Rheumatoid neutrophilic dermatitis

ARTICLE

Rheumatoid arthritis (RA) is often accompanied by various cutaneous disorders. Rheumatoid neutrophilic dermatitis (RND) is a rare condition, first described by Ackerman in his textbook in 1978 [1], which occurs in patients with severe, seropositive RA. Only fourteen cases have been reported in the English and Japanese literature. We present a case of RND which occurred in a male patient who had RA and rheumatoid lung.

Case report

A 63-year-old Japanese man had suffered from RA for seven years and had been treated with a nonsteroidal anti-inflammatory agent (acemetacin) and an antirheumatic drug (bucillamine). The patient had suffered from interstitial pneumonia related to the RA for one year. We saw him at our clinic because for the previous eight months, erythematous plaques had appeared on his extremities and had occasionally ulcerated. On examination, asymptomatic symmetric erythematous plaques, accompanied by pustules or small ulcers, were seen on his buttocks and extremities (Fig. 1). Slightly raised, indurated erythema was seen on his left palm. Painful, violescent erythema was seen on his soles. Subcutaneous nodules accompanied by erythema and pustules were evident on both elbows (Fig. 2). He had pain and swelling in the finger joints bilaterally. Laboratory examinations revealed a positive rheumatoid factor at a titer of 1:1,280 and a positive antinuclear antibody at 1:20. The white blood cell count was 8,000/mm³ with 70% neutrophils. The erythrocyte sedimentation rate was 79 mm/h, and the C-reactive protein was 7.2 mg/dl. The other blood chemistry findings were within normal limits. An X-ray of the finger joints showed no obvious changes related to RA. Chest X-ray examination revealed interstitial pneumonia on the bilateral lower lobes.

A skin biopsy from an erythematous lesion on his left knee showed a dense neutrophilic infiltration with leukocytoclasis throughout the dermis with the formation of microabscesses in the dermal papillae (Fig. 3). Some collagen fibers showed basophilic degeneration. There was no evidence of vasculitis. Direct immunofluorescence study revealed no deposits of immunoglobulin or complement. A subcutaneous nodule on his right elbow was revealed to be a palisading granuloma which consisted of a rheumatoid nodule with patchy neutrophilic infiltration. Salazosulfapyridine was administered. During the follow-up period of ten months, his arthritis was controlled well, while small areas of erythema continued to appear.

Discussion

Clinically, RND exhibits red-purple plaques and papules, often associated with vesicles or pustules, which are symmetrically distributed on the exterior surfaces of the extremities. Histologically, RND consists of a dense and diffuse dermal infiltration of neutrophils with nuclear dust. Sometimes neutrophils in the dermal papillae form microabscesses. Our patient had seropositive RA and interstitial pneumonia, which we diagnosed as rheumatoid lung because there was no other apparent cause of the pneumonia, and showed clinically and histologically typical RND. To date, only fourteen cases of RND have been reported in the English and Japanese literature [2-10] (Table).
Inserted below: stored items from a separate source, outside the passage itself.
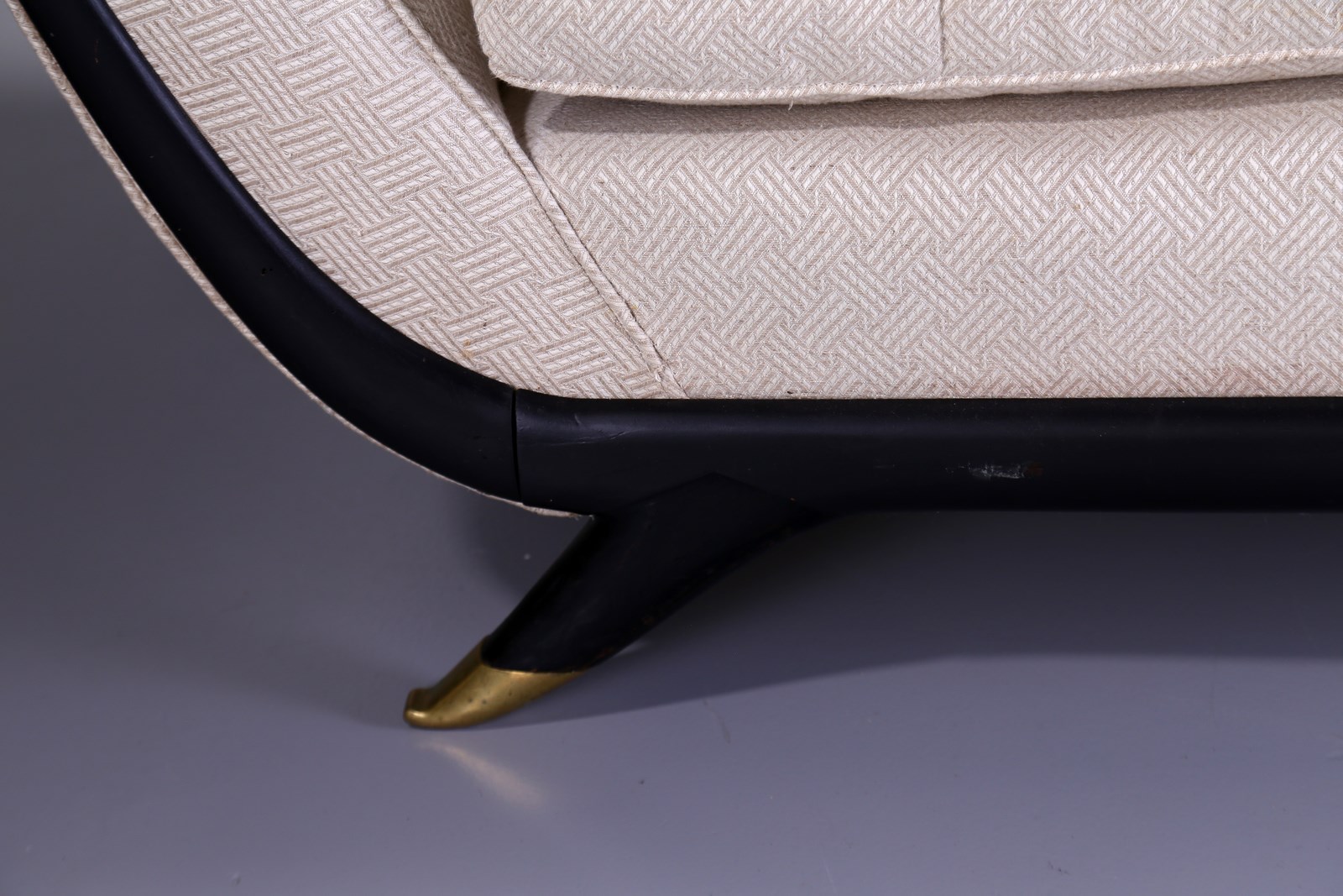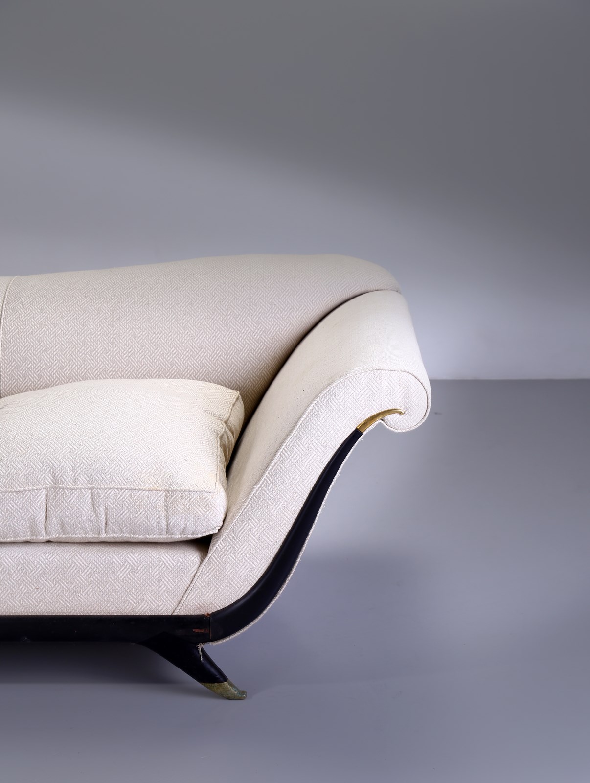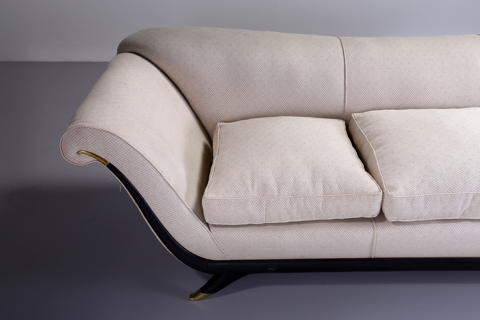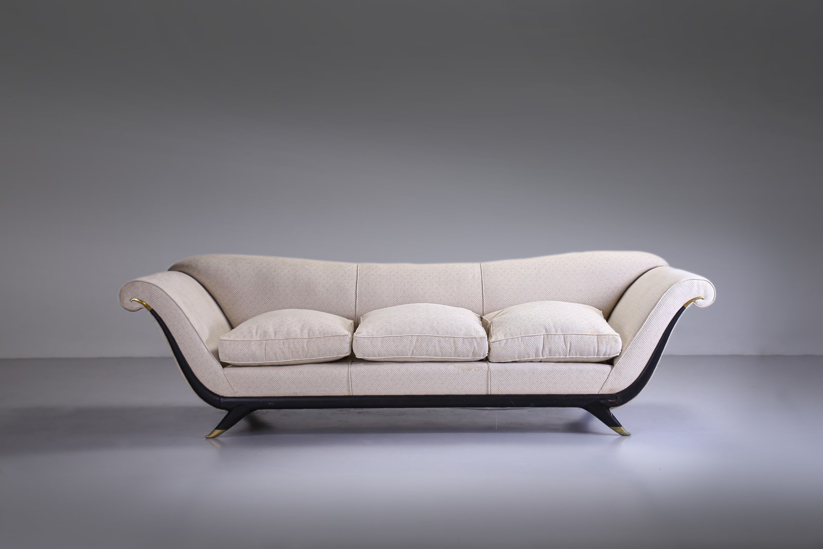 ULRICH GUGLIELMO (1904 - 1977) (attribuito) Divano anni '50. Legno laccato, ottone e tessuto imbottito.. Cm 250,00 x 172,00 x 9,00. Bibliografia (per un modello simile): Scacchetti L. , Guglielmo Ulrich, Federico Motta Editore, 2009, p. 251.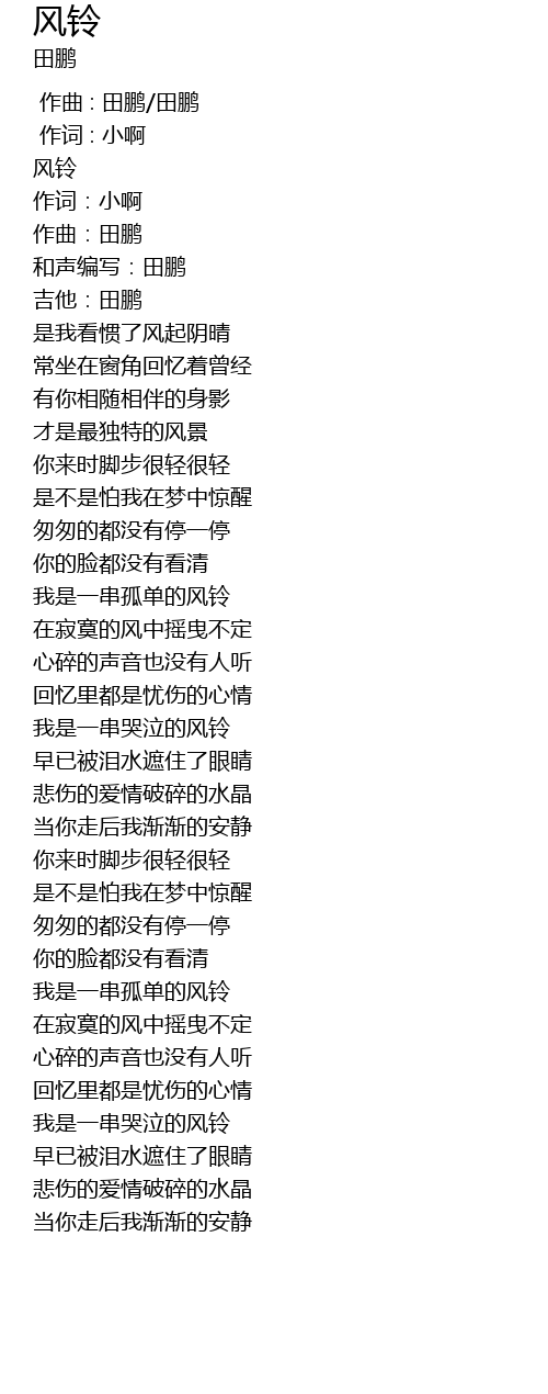 | [01:36.490] | 我是一串哭泣的风铃 |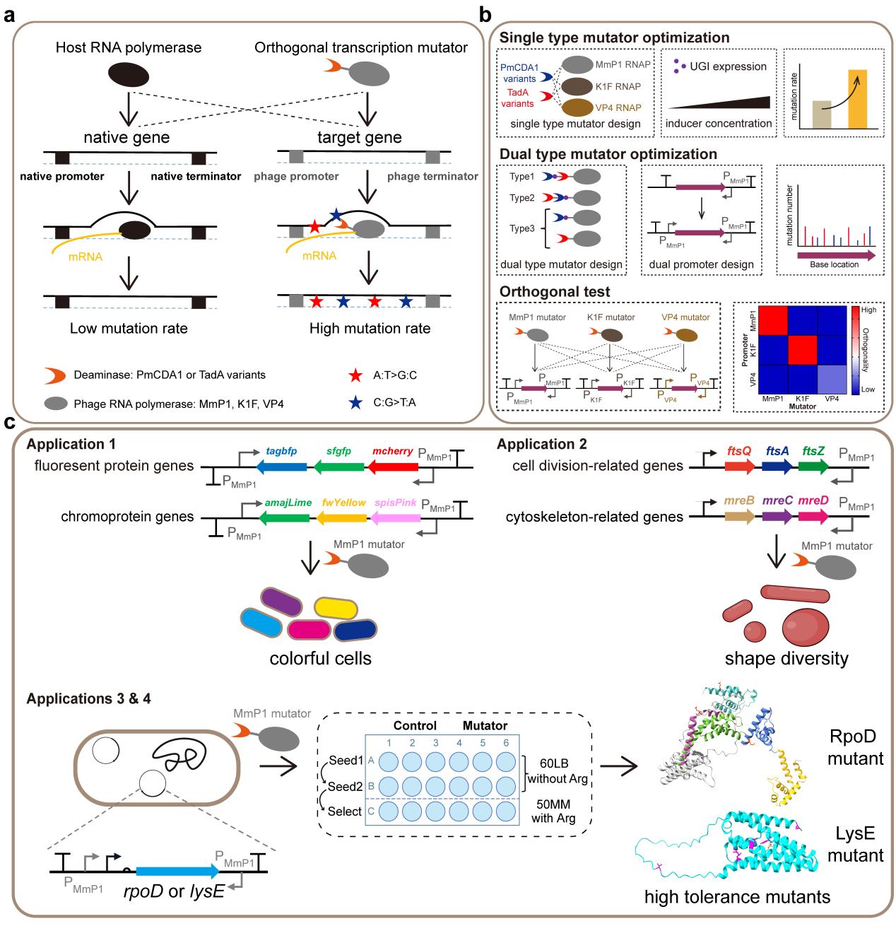 7月1日,beat365英国官方网站生命学院陈国强教授团队在《自然·通讯》(Nature Communications)发表题为“一种产生全部转换突变的正交转录突变系统用于体内加速蛋白质进化”(An orthogonal transcription mutation system generating all transition mutations for accelerated protein evolutionin vivo)的研究论文,报道了一种正交转录突变系统(OTM)。该系统通过将三种广宿主兼容性的噬菌体RNA聚合酶(MmP1/K1F/VP4)与两种脱氨酶(PmCDA1和TadA变体)巧妙融合,构建了一个高效、模块化的蛋白质进化平台。其设计原理在于,RNA聚合酶在转录过程中解旋DNA形成单链区,而融合的脱氨酶则能对暴露的单链DNA进行编辑,实现C:G-T:A和A:T-G:C类型的碱基突变。该系统能在短短一天内完成蛋白质的定向进化,突变效率较自发突变提升150万倍。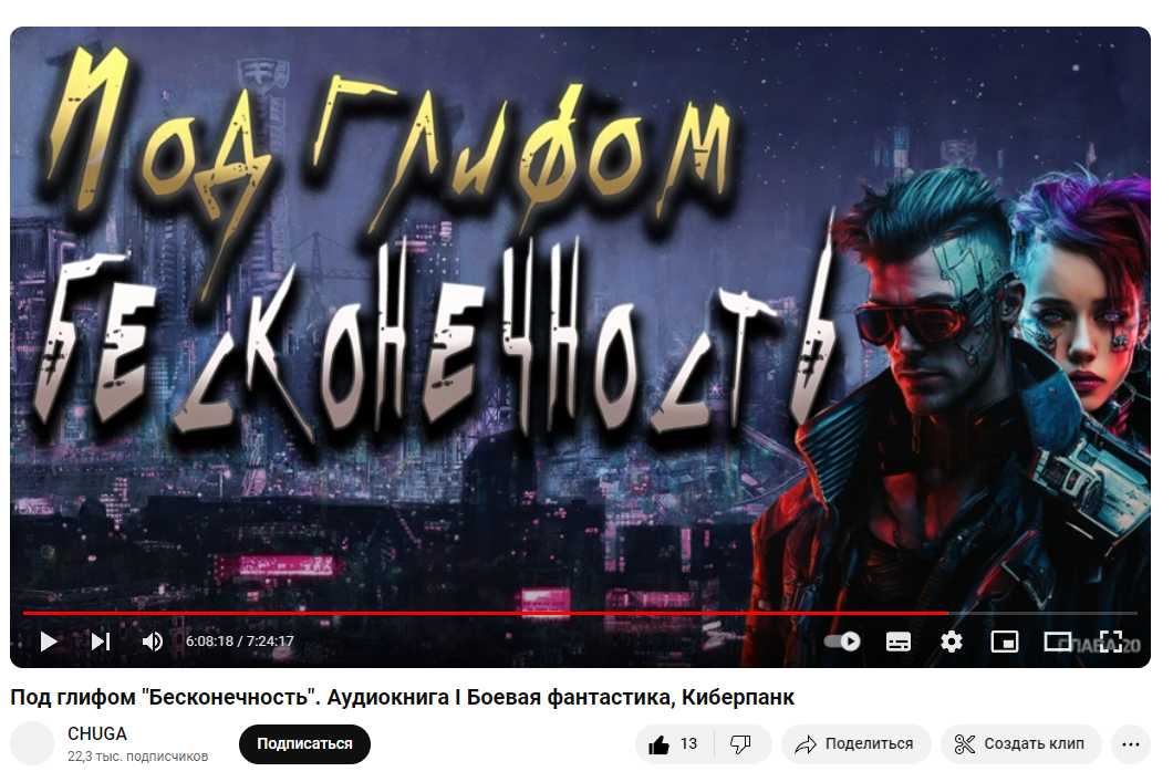 Автор: Ольга МорохКанал CHUGA озвучил «Под глифом „Бесконечность“». Я в восторгах и благодарностях! И нет слов, чтобы выразить, моё восхищение - 7,5 часов это очень много! Титаническая работа! Восторг!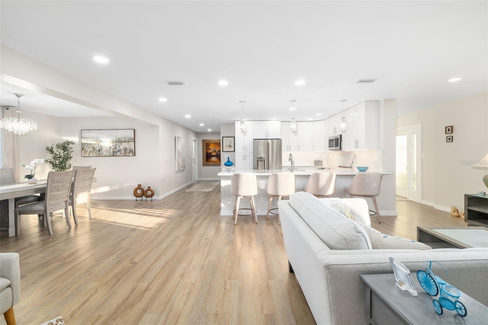 Experience refined Sarasota living in this thoughtfully reimagined River Forest residence, ideally positioned near the area’s most treasured coastal and boating destinations. Just ½ mile from Phillippi Estate Park, under a mile to Phillippi Harbor Club, and less than 2 miles to Siesta Key Beach, this home offers an effortless blend of privacy, access, and lifestyle. Set within a discreet neighborhood known for its multiple access points and ease of movement, this block-constructed home has been tastefully and comprehensively renovated with an emphasis on comfort, cohesion, and quiet luxury. An open, flowing floor plan anchors the home, where the living, dining, and kitchen spaces connect seamlessly—perfect for both everyday living and entertaining. The kitchen features a four-seat breakfast bar that invites casual gatherings, while the living room enjoys peaceful sunset views, adding a soft, natural close to each day. The open-concept layout includes three inviting bedrooms and two beautifully updated baths, complemented by luxury vinyl flooring and soft, contemporary finishes throughout. The kitchen is both striking and highly functional, appointed with Carrera marble–style quartz countertops and a full quartz backsplash, premium Café appliances, and a sought-after two-drawer dishwasher. Soft-close cabinetry, pull-out pantry shelving, and a spacious indoor laundry room reflect the home’s attention to detail and livability. Architectural upgrades include shaker-style interior doors with new hardware, magnetic door stops, and carefully placed recessed lighting that enhances flow and ambiance. Significant capital improvements provide confidence and peace of mind, including a new roof (2022), hurricane-rated impact windows (2024), updated interior and exterior lighting, and two newly enclosed garages (2025). The home was fully replumbed in 2006. Outdoors, a private patio and fully fenced backyard offer ample space to create a custom pool or serene garden retreat. River Forest’s optional civic association maintains the neighborhood park, pond, entrance, and access to Phillippi Creek —an understated yet valuable amenity. A home that feels complete, considered, and quietly exceptional—ready to welcome you home.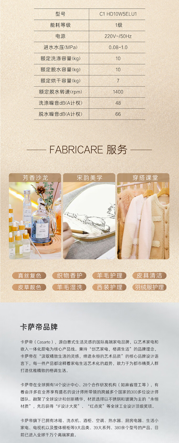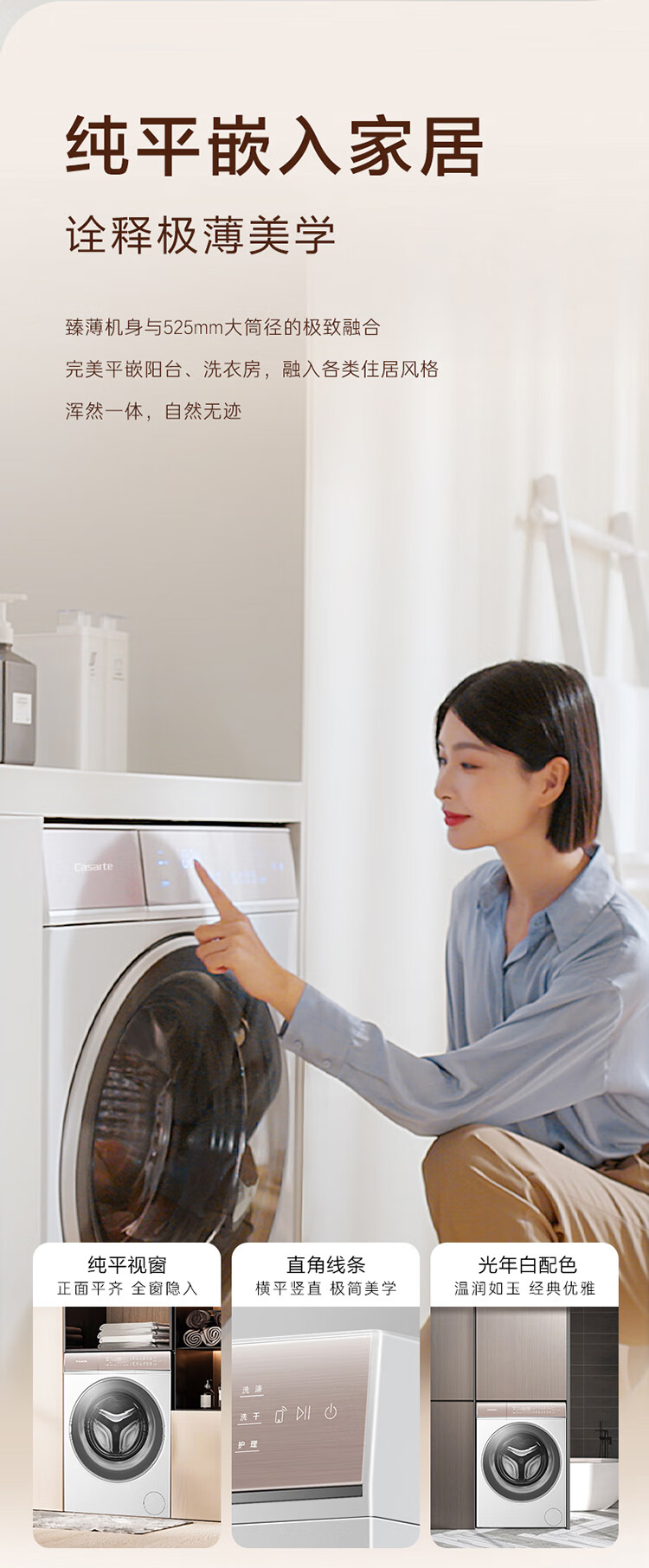 以旧换新-卡萨帝揽光W5滚筒洗衣机全自动 10公斤洗烘一体机 精华洗快净省 超薄纯平嵌入 空气洗护理 HD10W5ELU1
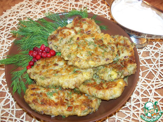 Ложкой формируем котлетки и обжариваем в разогретом оливковом масле.

The patients were described as having seropositive, severe, disabling, and progressive RA. In addition, one patient was reported to have rheumatoid lung [5], and one with rheumatoid nodules [6], but no other skin manifestations or visceral involvement related to RA were mentioned. There was no obvious therapy for RA that had any effect on RND. However some medications, colchicine [5, 10], topical steroids [6], dapsone [7, 8], and etretinate [9] were reported to be effective for RND.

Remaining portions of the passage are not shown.